## WHAT YOU HAVE TO DO
Return, exactly and with nothing added, the line with "塑胶跑道又称全天候田径运动跑" together with all lines after it through the end of the data below. No pictures belong in the copy.

## DATASET EXCERPT
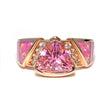 Pink Opal Ring with Rose Gold Overlay - Inlaid Top Band with Pink Cz Trillion Set in Raised Sterling Silver Half Bezel & 2 White Cz Trios on Side
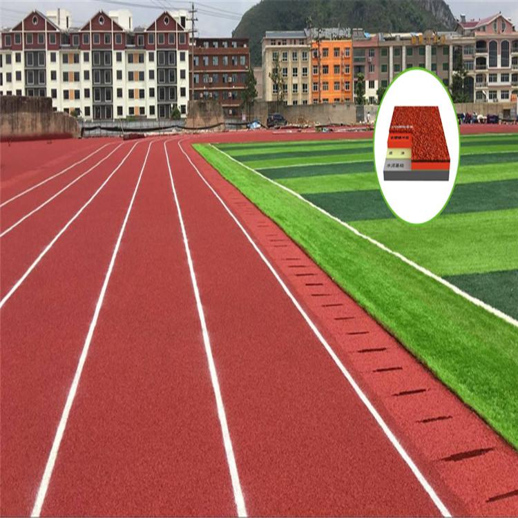 塑胶跑道又称全天候田径运动跑道,它由聚氨酯预聚体、混合聚醚、废轮胎橡胶、EPDM橡胶粒或
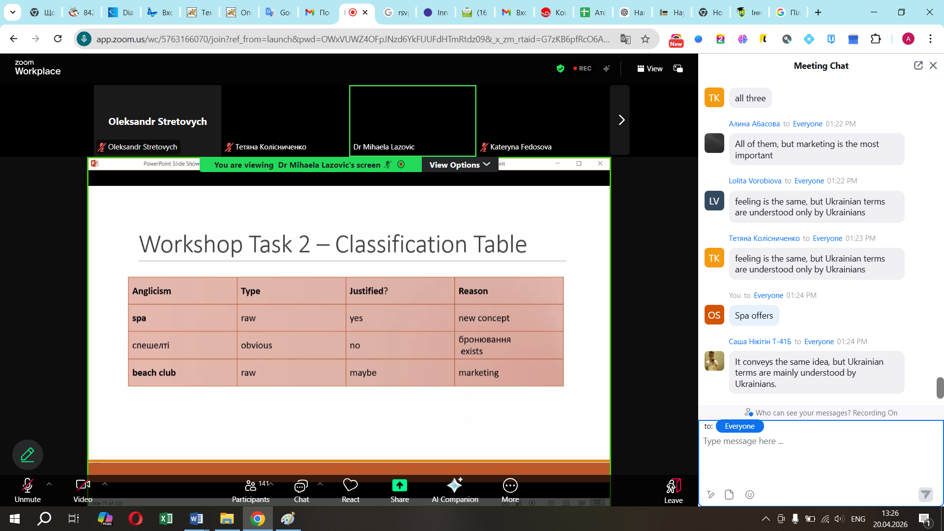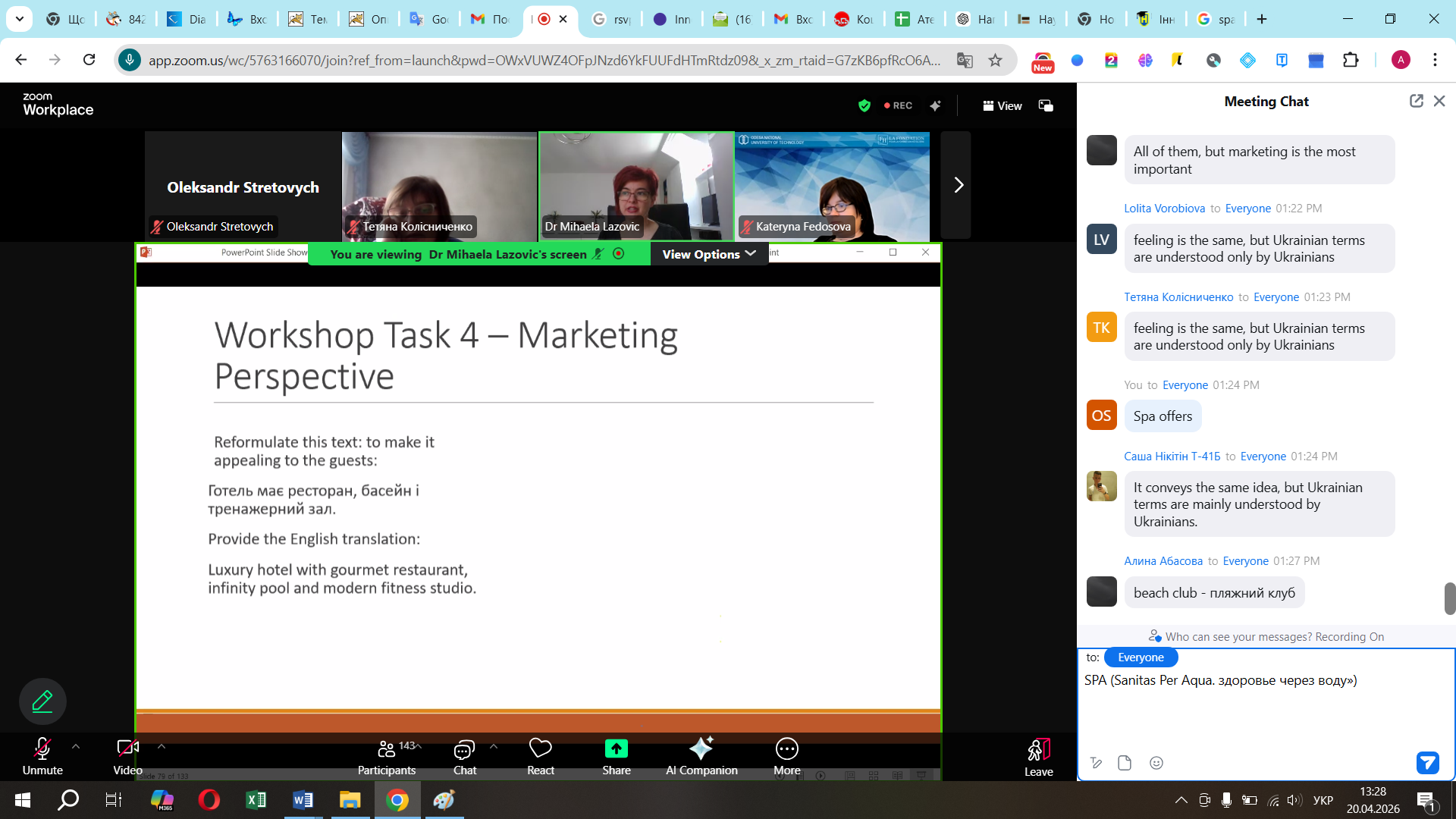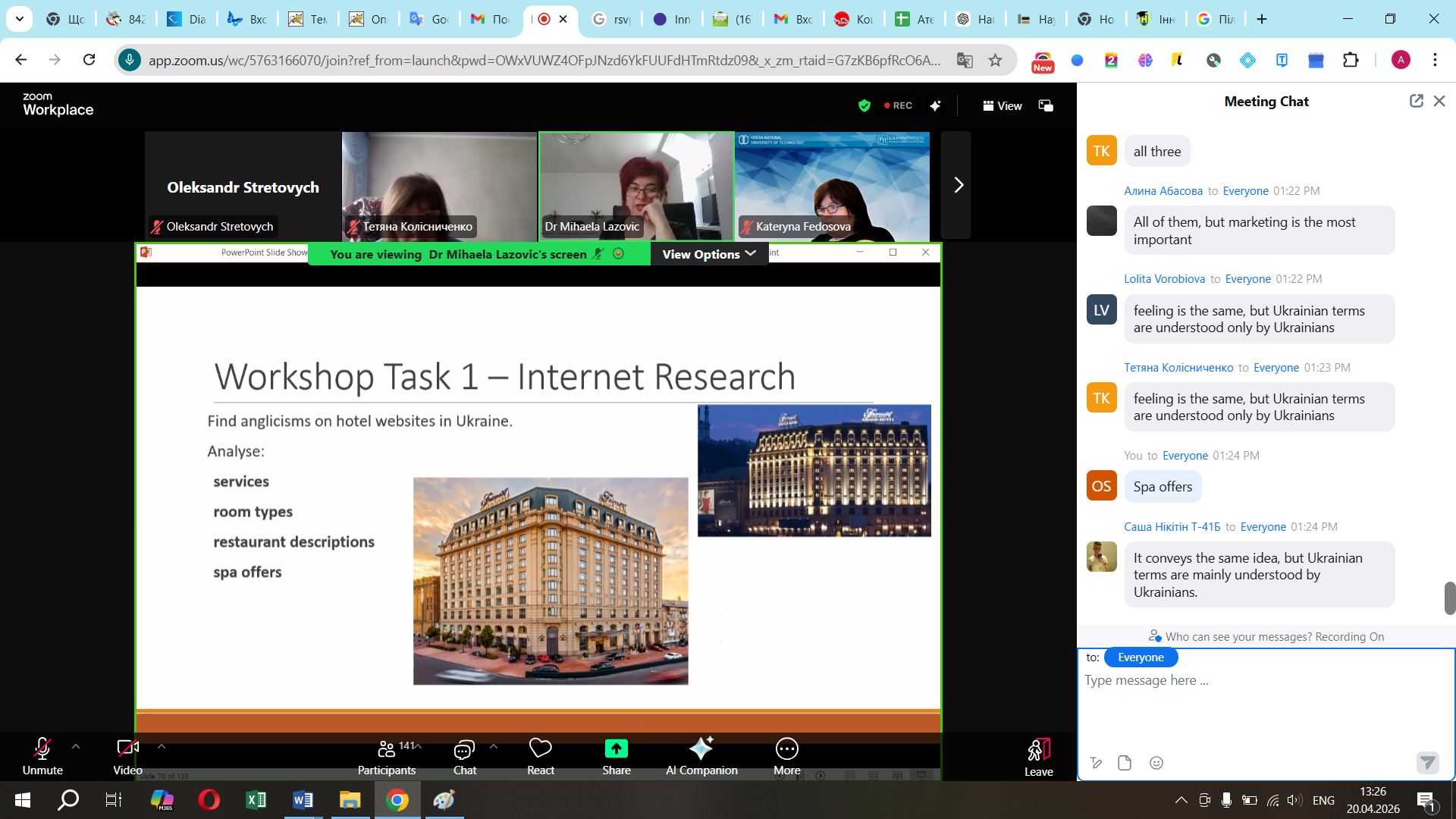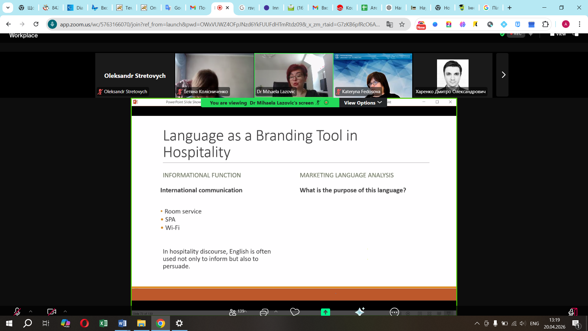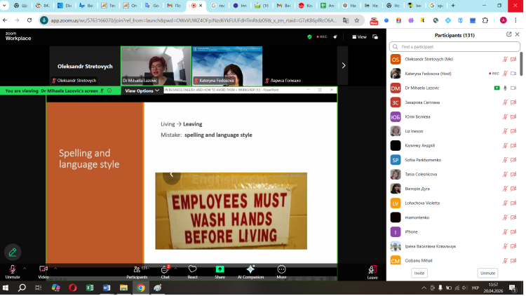 Спікеркою заходу виступила Dr Mihaela Lazović, PhD – професорка The Academy of Applied Studies Belgrade (Сербія), експертка з ділової англійської мови та професійної комунікації у сфері гостинності. У межах вебінару було висвітлено актуальні проблеми використання бізнес-англійської у професійній діяльності, зокрема типові помилки у спілкуванні з клієнтами та партнерами, а також шляхи їх уникнення.

## REPLY TO THE TASK
 塑胶跑道又称全天候田径运动跑道,它由聚氨酯预聚体、混合聚醚、废轮胎橡胶、EPDM橡胶粒或
 Спікеркою заходу виступила Dr Mihaela Lazović, PhD – професорка The Academy of Applied Studies Belgrade (Сербія), експертка з ділової англійської мови та професійної комунікації у сфері гостинності. У межах вебінару було висвітлено актуальні проблеми використання бізнес-англійської у професійній діяльності, зокрема типові помилки у спілкуванні з клієнтами та партнерами, а також шляхи їх уникнення.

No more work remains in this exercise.